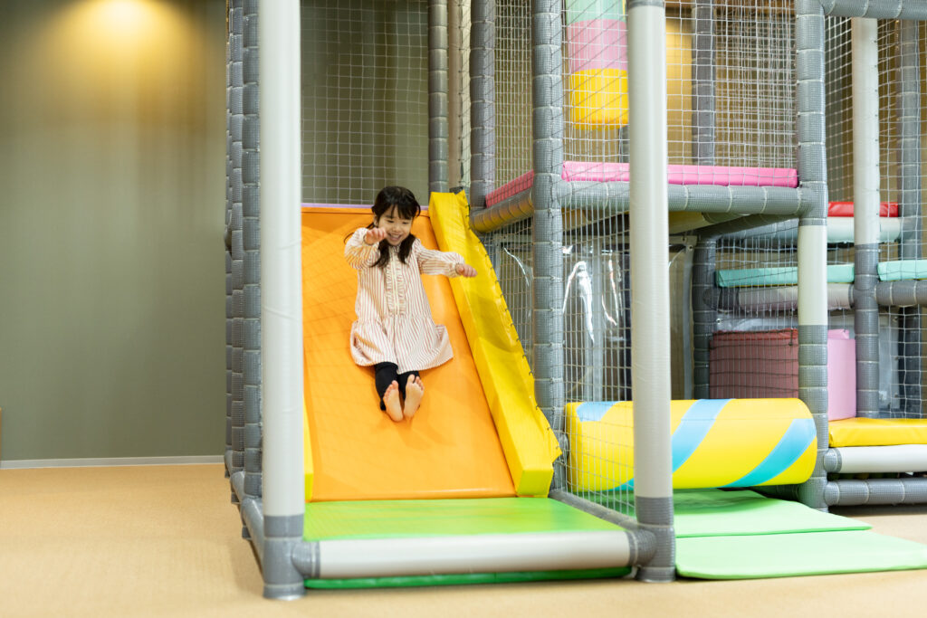 すべり台・ボールプール・パンチングバッグを備えた大型遊具を設置。遊びの舞台として大活躍するスワルカの目玉です。のぼってすべっての無限ループで楽しく体力を消耗。安全性抜群なので、公園デビュー前の赤ちゃんにもおすすめです。
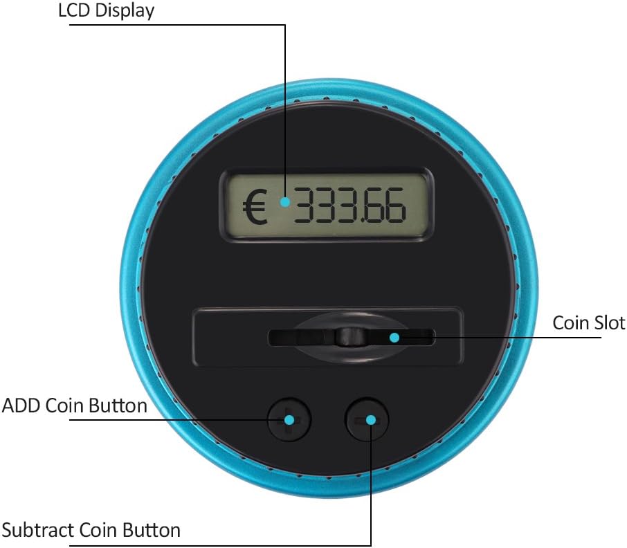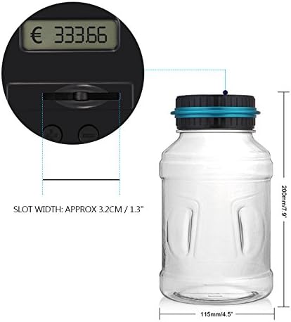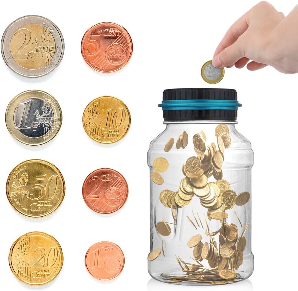 🎁【Schermo LCD per risparmi intelligenti】: il coperchio della gettoniera è dotato di uno schermo LCD che registra i depositi in tempo reale. In questo modo mantieni una visione chiara del tuo obiettivo di risparmio complessivo ed eviti il fastidioso conteggio manuale. Ciò rende il tuo risparmio intelligente e conveniente. 🎁【Grande capacità di 1,8 litri per un uso pratico】: questo salvadanaio digitale offre spazio fino a 1,8 litri e soddisfa quindi un'ampia gamma di esigenze di risparmio. Può contenere fino a 1000 monete ed è ideale per tutti i tipi di monete UE. Se inserisci una moneta ogni giorno, potrai utilizzarla per almeno 2 anni. 🎁【Materiale robusto e di alta qualità】: questo salvadanaio è realizzato in plastica PET di alta qualità, che ne garantisce la robustezza ed evita problemi di rottura. Rispetto ai salvadanai in vetro e ceramica, questa variante è più difficile da rompere ed è particolarmente sicura per i bambini, così puoi risparmiare in tutta sicurezza. 🎁【Educazione finanziaria, un compagno per i bambini】: Il nostro salvadanaio è dotato di simpatici adesivi per stimolare l'interesse dei bambini e insegnare loro come gestire il denaro in modo giocoso. Non è solo un salvadanaio, ma anche uno strumento di educazione finanziaria che insegna ai bambini come gestire le finanze. 🎁【Il regalo perfetto per le vacanze】: questo salvadanaio da banco è un regalo eccellente per i bambini a Capodanno, Natale o compleanni. È alimentato da 2 batterie AAA da 1,5 V (non incluse).
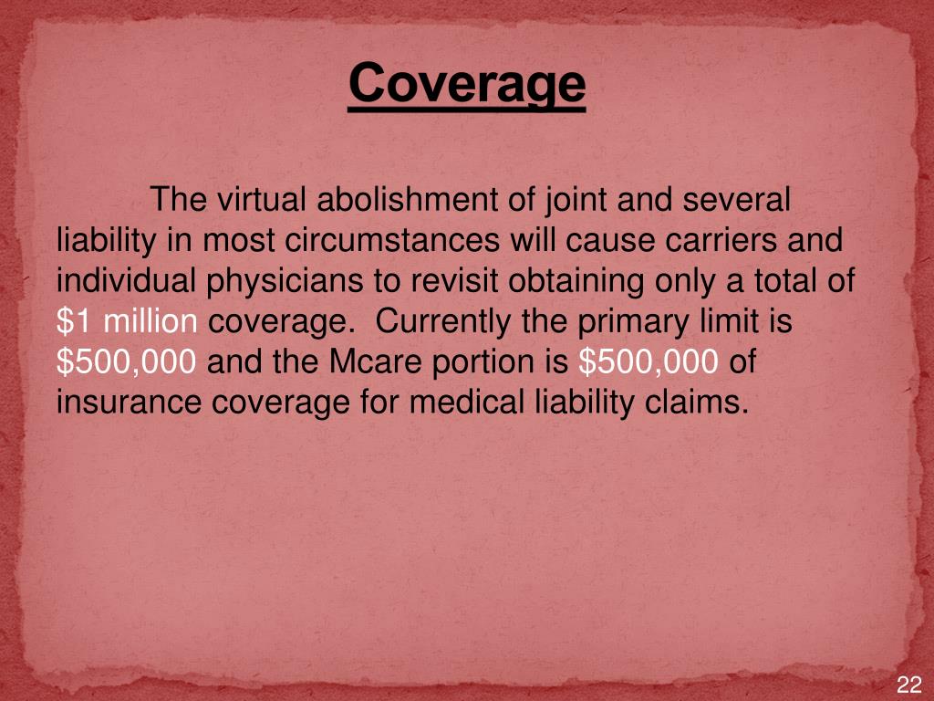 Coverage The virtual abolishment of joint and several liability in most circumstances will cause carriers and individual physicians to revisit obtaining only a total of $1 million coverage. Currently the primary limit is $500,000 and the Mcare portion is $500,000 of insurance coverage for medical liability claims. 22
_ _ _ _ _
Everything from the line containing "V (non incluse)." through the end of the data should be printed exactly, line for line, except the pictures.

 🎁【Schermo LCD per risparmi intelligenti】: il coperchio della gettoniera è dotato di uno schermo LCD che registra i depositi in tempo reale. In questo modo mantieni una visione chiara del tuo obiettivo di risparmio complessivo ed eviti il fastidioso conteggio manuale. Ciò rende il tuo risparmio intelligente e conveniente. 🎁【Grande capacità di 1,8 litri per un uso pratico】: questo salvadanaio digitale offre spazio fino a 1,8 litri e soddisfa quindi un'ampia gamma di esigenze di risparmio. Può contenere fino a 1000 monete ed è ideale per tutti i tipi di monete UE. Se inserisci una moneta ogni giorno, potrai utilizzarla per almeno 2 anni. 🎁【Materiale robusto e di alta qualità】: questo salvadanaio è realizzato in plastica PET di alta qualità, che ne garantisce la robustezza ed evita problemi di rottura. Rispetto ai salvadanai in vetro e ceramica, questa variante è più difficile da rompere ed è particolarmente sicura per i bambini, così puoi risparmiare in tutta sicurezza. 🎁【Educazione finanziaria, un compagno per i bambini】: Il nostro salvadanaio è dotato di simpatici adesivi per stimolare l'interesse dei bambini e insegnare loro come gestire il denaro in modo giocoso. Non è solo un salvadanaio, ma anche uno strumento di educazione finanziaria che insegna ai bambini come gestire le finanze. 🎁【Il regalo perfetto per le vacanze】: questo salvadanaio da banco è un regalo eccellente per i bambini a Capodanno, Natale o compleanni. È alimentato da 2 batterie AAA da 1,5 V (non incluse).
 Coverage The virtual abolishment of joint and several liability in most circumstances will cause carriers and individual physicians to revisit obtaining only a total of $1 million coverage. Currently the primary limit is $500,000 and the Mcare portion is $500,000 of insurance coverage for medical liability claims. 22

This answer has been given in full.